▶ _Material for the task_:

:::::

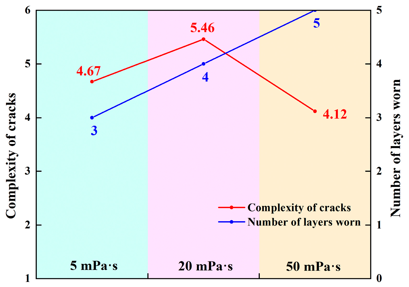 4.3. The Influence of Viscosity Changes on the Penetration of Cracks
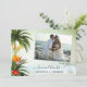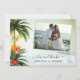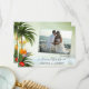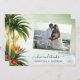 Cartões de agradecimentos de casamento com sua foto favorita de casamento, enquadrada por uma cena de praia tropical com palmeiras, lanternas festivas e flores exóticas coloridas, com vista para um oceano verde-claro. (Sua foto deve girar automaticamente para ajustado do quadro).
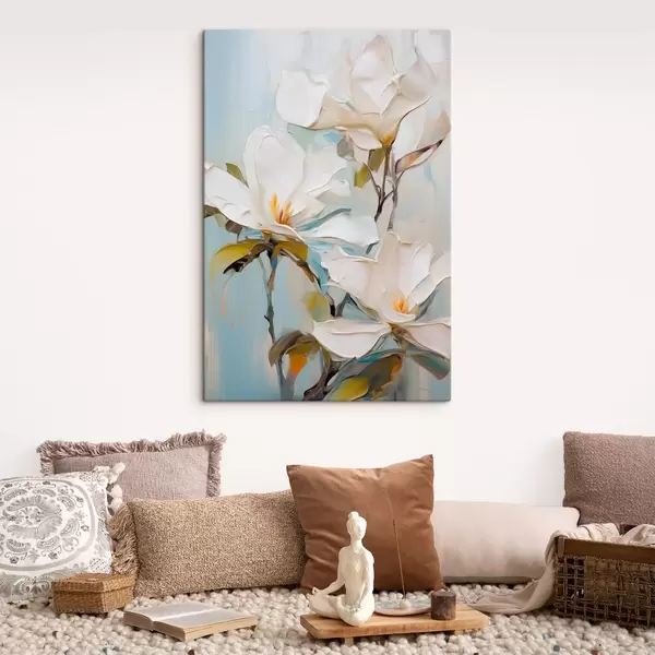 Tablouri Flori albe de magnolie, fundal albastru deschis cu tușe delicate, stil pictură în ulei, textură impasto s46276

:::::

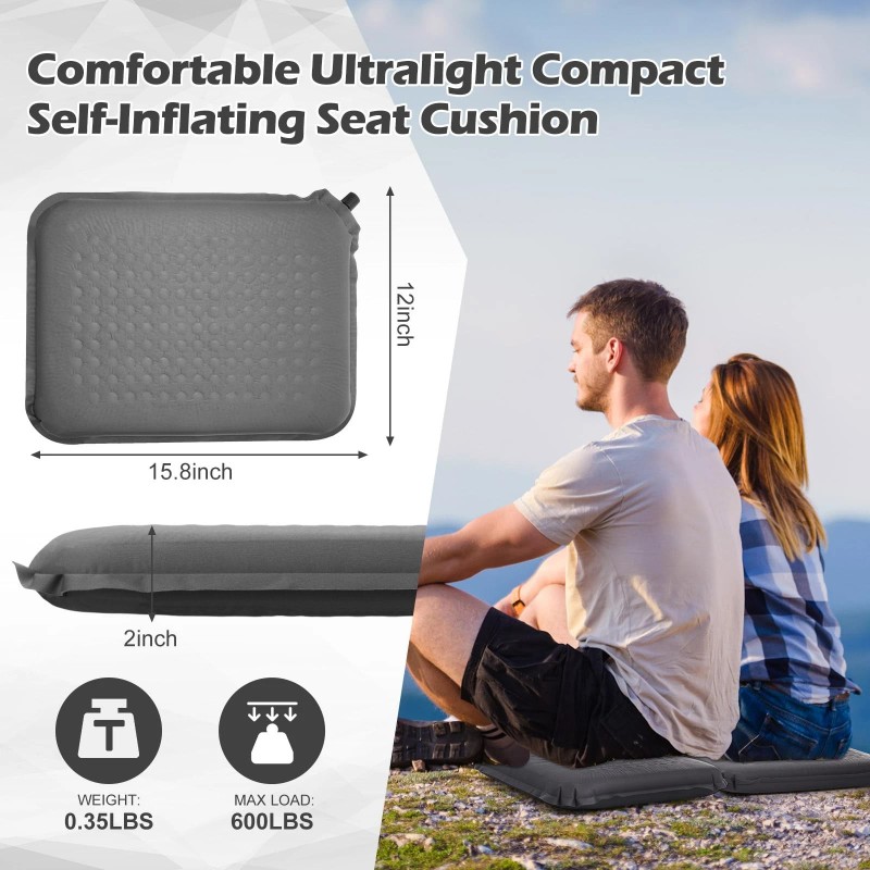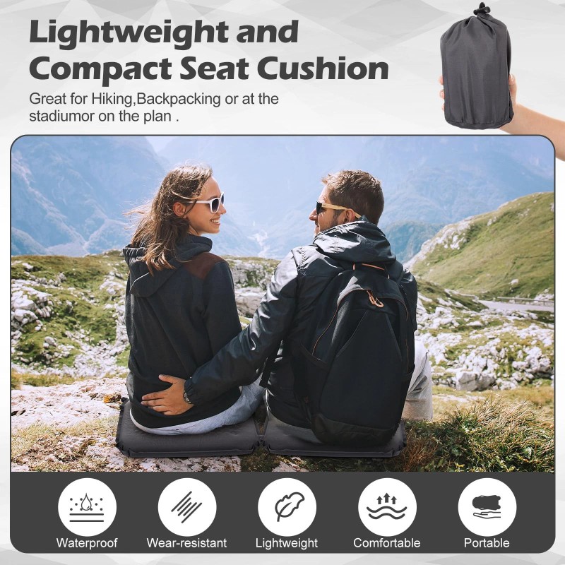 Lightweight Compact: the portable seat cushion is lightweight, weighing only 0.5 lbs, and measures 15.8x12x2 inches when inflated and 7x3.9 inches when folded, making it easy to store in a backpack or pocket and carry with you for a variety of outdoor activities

:::::

▶ _Required action_:
Every line above in the stretch from the one with "Cartões de agradecimentos" through the one with "Tablouri Flori albe" is to be transcribed exactly, ends included. No picture is copied.

▶ _Result for this exercise_:
 Cartões de agradecimentos de casamento com sua foto favorita de casamento, enquadrada por uma cena de praia tropical com palmeiras, lanternas festivas e flores exóticas coloridas, com vista para um oceano verde-claro. (Sua foto deve girar automaticamente para ajustado do quadro).
 Tablouri Flori albe de magnolie, fundal albastru deschis cu tușe delicate, stil pictură în ulei, textură impasto s46276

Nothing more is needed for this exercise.